He’d apologized more times than I could count, and not in that rushed, guilty way, but like he really meant it.
“I don’t know what I was thinking,” he said one night. “I just… didn’t want to fight her. Didn’t want to believe she’d say that without a reason.
I was stupid.”
Even though I know others would’ve walked away from this relationship, I decided on therapy. For several weeks, we sat in a little office with beige walls and a box of tissues on the table between us, saying the hard stuff.
“It’s not just the DNA test,” I told him during one session. “It’s the lack of trust.
You didn’t believe me, even though I’d never given you a reason to doubt me.”
He nodded, eyes wet. “I know. I messed up.
I’ll never doubt you again.”
He’s kept that promise, so far. I have to give him that.
It didn’t happen overnight, but over time, we worked through it. He listened more.
He defended me. He shut down comments from his mom’s family, who were trying to get us to talk to her.
Finally, I forgave him fully, not because I forgot, but because he owned up to his wrongs.

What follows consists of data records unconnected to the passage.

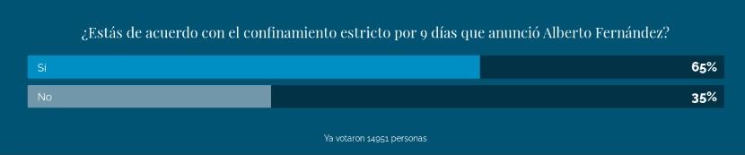 La pregunta, a la que respondieron 14.951 personas, fue "¿Estás de acuerdo con el confinamiento estricto por 9 días que anunció Alberto Fernández?".
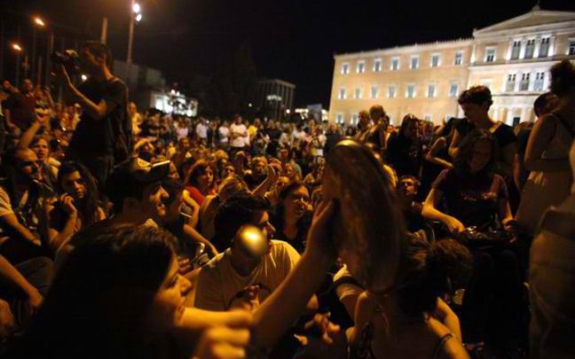 Κάθε φορά που τελειώνει μία ομιλία για να αρχίσει μία ακόμη, χειροκροτούν. Η συζήτηση διαρκεί ώρες, τουλάχιστον μέχρι τα μεσάνυχτα. Στη συνέχεια οι περισσότεροι αποχωρούν για να μείνουν μόνο εκείνοι που έχουν αποφασίσει να ξενυχτούν στο Σύνταγμα και να κοιμούνται στις περισσότερες από 50 σκηνές που έχουν στηθεί εκεί.
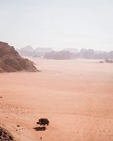 De woestijn in Jordanië, Wadi Rum heeft een prachtige roze gloed over het zand en de bergen in de achtergrond. Dit uitzichtpunt was perfect om de woestijn te bekijken.
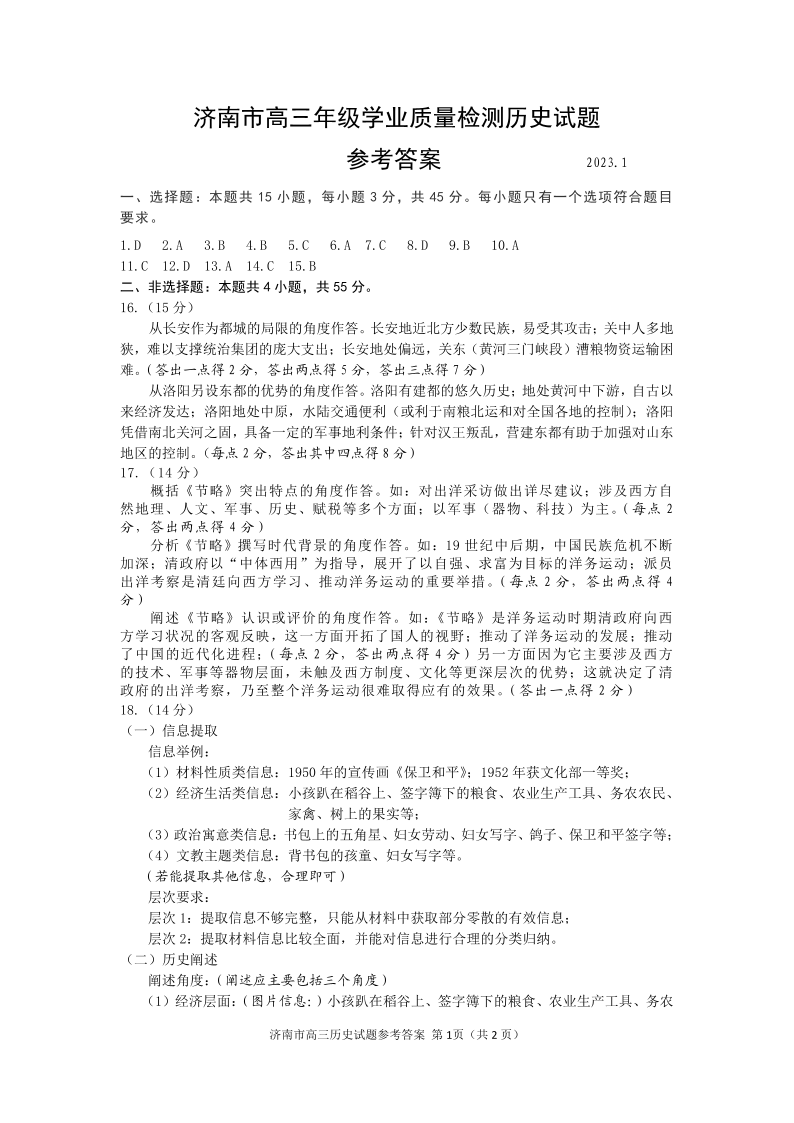 山东省济南市2023.1高三年级期末考试历史答案
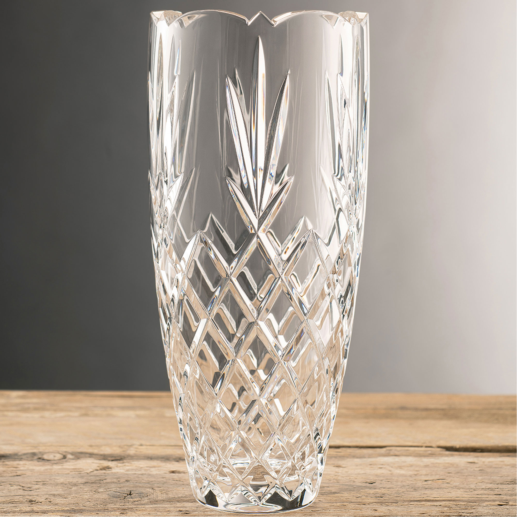 Renmore, or An Rhinn Mhór in Gaelic, is the beautiful range from Galway Crystal designed for everyday use. The stunning Renmore Vase will make the perfect statement piece for your table this season. With its beautiful cut, the vase can be completely functional or used as a centrepiece.
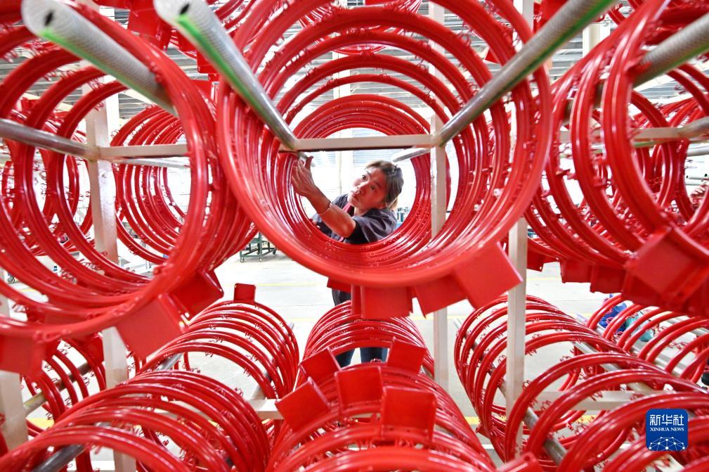 10月30日,工人在唐山市蘆臺經(jīng)濟開(kāi)發(fā)區一家體育器材生產(chǎn)企業(yè)的車(chē)間工作。
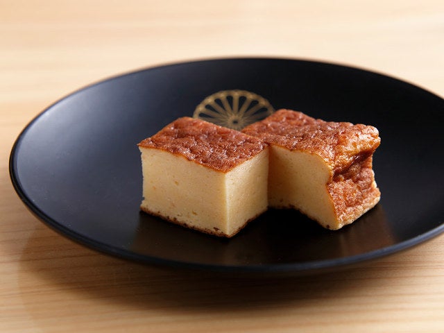 焼きあがったら紙とラップフィルムで包んで寝かせることで、気泡が落ち着いてこのような食感になるそうだ。固めのプリンのように口当たりがよく、こんがりとした焼き目もいい具合だ。
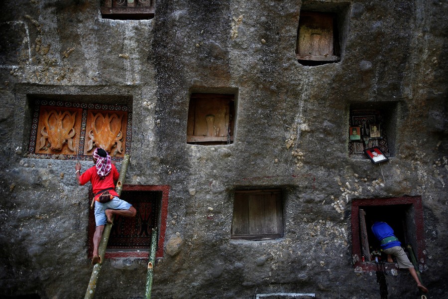 Read moreMen use bamboo ladders to open doors to burial chambers cut into a massive boulder of Loko'mata, a traditional Toraja burial site, during an ancient Torajan ritual known as "Ma'nene", near Rantepao, North Toraja, South Sulawesi, Indonesia, on September 11, 2017. #
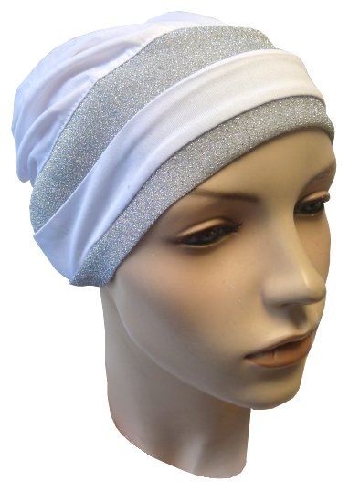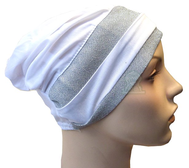 Bonnet blanc avec deux bandes paillettes grises. Composition 35% coton 65% polyester.
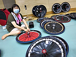 千葉ちゃんはパンク修理中。 試合とは関係ない原因によるパンクにご立腹。怒らないで〜。
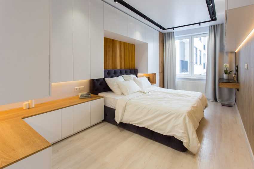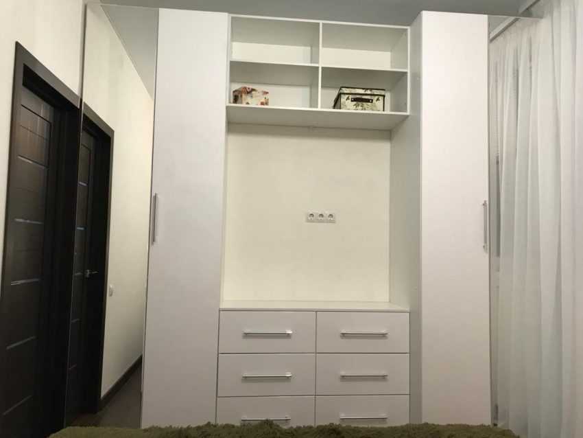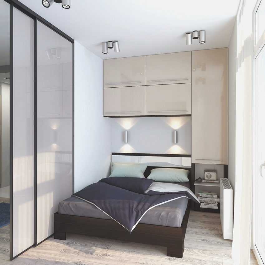 Шкафы-купе и угловые конструкции для хранения идеальны в маленьких спальнях. Встроенные шифоньеры отличаются от стандартных тем, что имеют всего лишь каркас и фасад с раздвижными дверцами. Поскольку простираются до потолка и устанавливаются прямо на пол или подготовленную ровную поверхность, некоторые детали делать не имеет смысла.

But the relationship with Karen is almost completely broken. I tried listening to a voicemail, and it was full of lazy excuses and guilt trips.
I deleted it before the end, and we’ve blocked her since.
Ben’s dad filed for divorce not long after the party.
He stopped speaking to Karen, too.
Without her, he began visiting us more, and nothing’s changed between him and Ben. Luckily.
In the mean time, our son kept growing, laughing, babbling, and learning to walk by gripping the edge of the coffee table.
And the DNA paperwork, both results, are still in a drawer somewhere. We haven’t looked at them again.